» **DATA SHOWN**
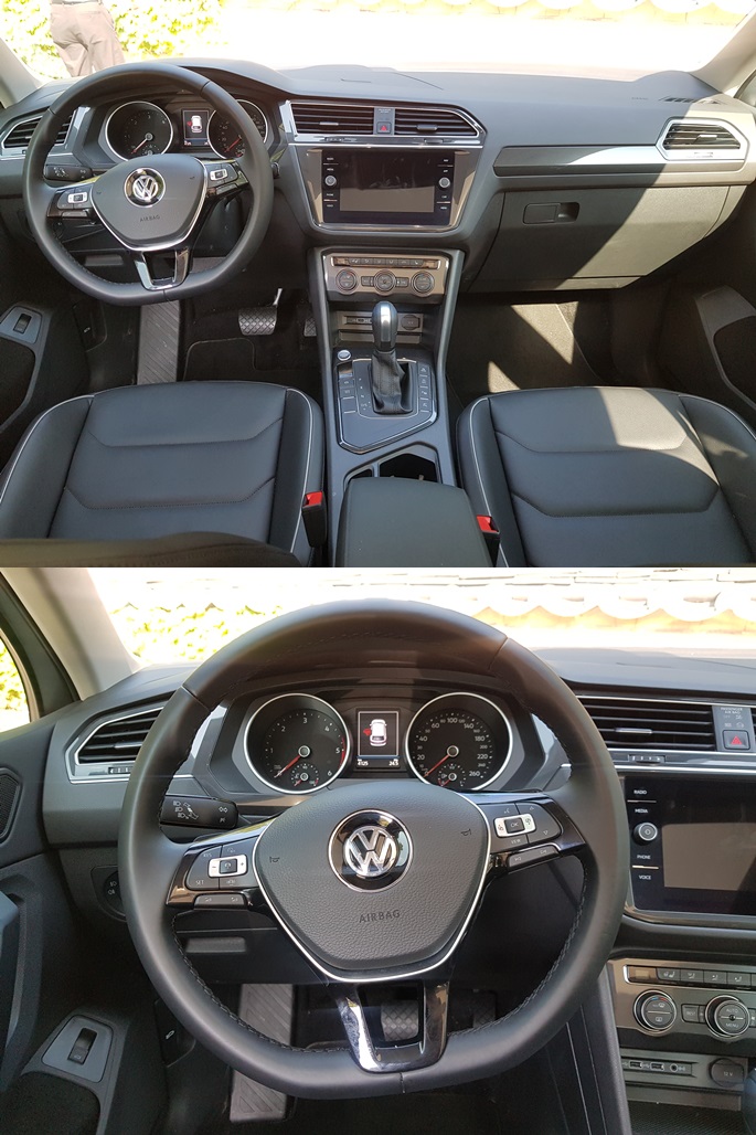 폭스바겐 티구안의 실내 공간은 비교적 체격 대비 넓은 여유와 탁트인 개방감을 준다. 실제 실내 공간을 더욱 넓게 연출하는 대시보드와 깔끔하게 다듬어진 센터페시아 등이 중심을 잡고 있다. 1열 좌석의 경우에는 시트의 표면, 질감 등이 깔끔하면서 편안함을 준다. 시트의 느낌이나 앉았을 때 개방감도 느껴진다. 2열 공간도 충분히 확보했다.
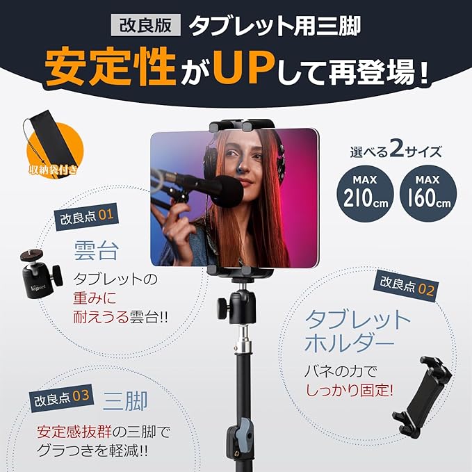 lapset 【とにかく安定】タブレット三脚 タブレットスタンド 三脚スタンド ipad 2サイズ 160cm
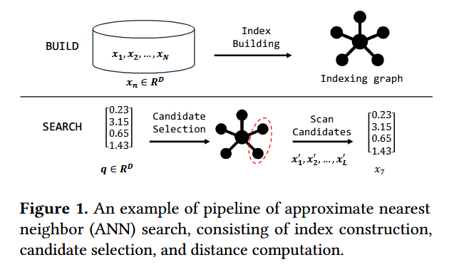 图 1 展示了典型的基于图的 ANN 搜索流程,它包含两个阶段:索引构建和查询处理。在构建阶段,系统根据一组数据向量 {x1,x2,…,xN}⊂RD的几何特性,构建一个基于邻近性的索引(例如图)。每个向量被表示为一个节点,并在根据选定距离度量判定为相近的向量对之间建立边。在搜索阶段,给定一个查询向量 q∈RD,系统首先通过遍历索引进行候选节点选择,随后根据距离对候选节点进行扫描和排序。最终结果返回排名靠前的候选节点,它们即代表了该查询向量的近似最近邻。
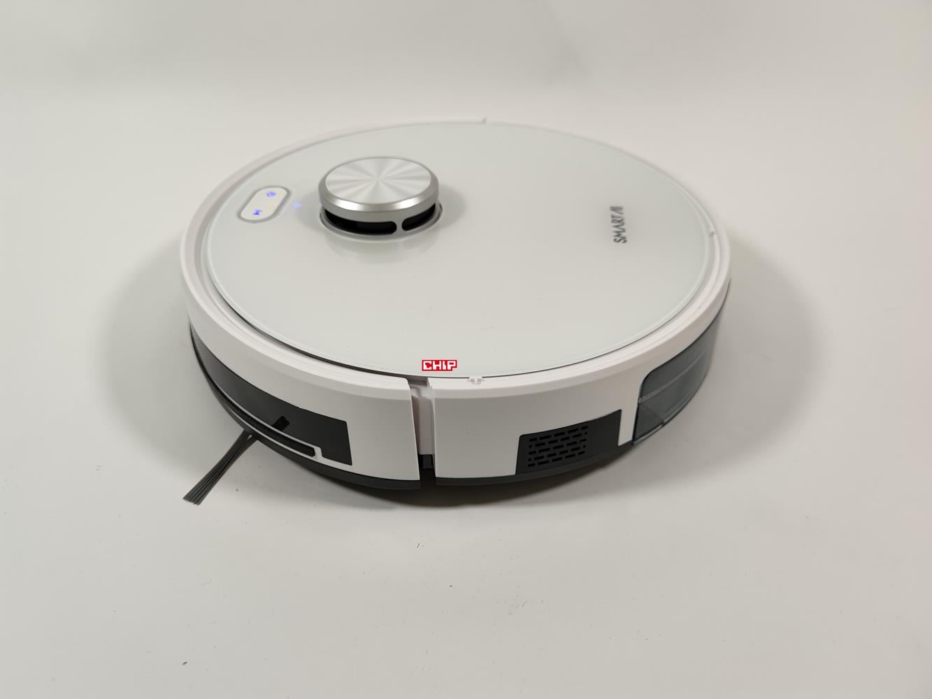 Pod względem wyglądu robot nie wyróżnia się na tle konkurencji. Ma na górze wystającą część z laserem, który służy mu do nawigacji, a poza tym jest cały biały. Jego średnica wynosi 330 mm, a wysokość 101 mm. SmartAI S7 Max jest więc wyższy od robotów bez laserowej nawigacji, ale i tak taka wymiary spokojnie powinny pozwolić na wjechanie pod np. łóżko.

» **EXERCISE**
Without including any images, output the data exactly as given.

» **EXERCISE RESULT**
 폭스바겐 티구안의 실내 공간은 비교적 체격 대비 넓은 여유와 탁트인 개방감을 준다. 실제 실내 공간을 더욱 넓게 연출하는 대시보드와 깔끔하게 다듬어진 센터페시아 등이 중심을 잡고 있다. 1열 좌석의 경우에는 시트의 표면, 질감 등이 깔끔하면서 편안함을 준다. 시트의 느낌이나 앉았을 때 개방감도 느껴진다. 2열 공간도 충분히 확보했다.
 lapset 【とにかく安定】タブレット三脚 タブレットスタンド 三脚スタンド ipad 2サイズ 160cm
 图 1 展示了典型的基于图的 ANN 搜索流程,它包含两个阶段:索引构建和查询处理。在构建阶段,系统根据一组数据向量 {x1,x2,…,xN}⊂RD的几何特性,构建一个基于邻近性的索引(例如图)。每个向量被表示为一个节点,并在根据选定距离度量判定为相近的向量对之间建立边。在搜索阶段,给定一个查询向量 q∈RD,系统首先通过遍历索引进行候选节点选择,随后根据距离对候选节点进行扫描和排序。最终结果返回排名靠前的候选节点,它们即代表了该查询向量的近似最近邻。
 Pod względem wyglądu robot nie wyróżnia się na tle konkurencji. Ma na górze wystającą część z laserem, który służy mu do nawigacji, a poza tym jest cały biały. Jego średnica wynosi 330 mm, a wysokość 101 mm. SmartAI S7 Max jest więc wyższy od robotów bez laserowej nawigacji, ale i tak taka wymiary spokojnie powinny pozwolić na wjechanie pod np. łóżko.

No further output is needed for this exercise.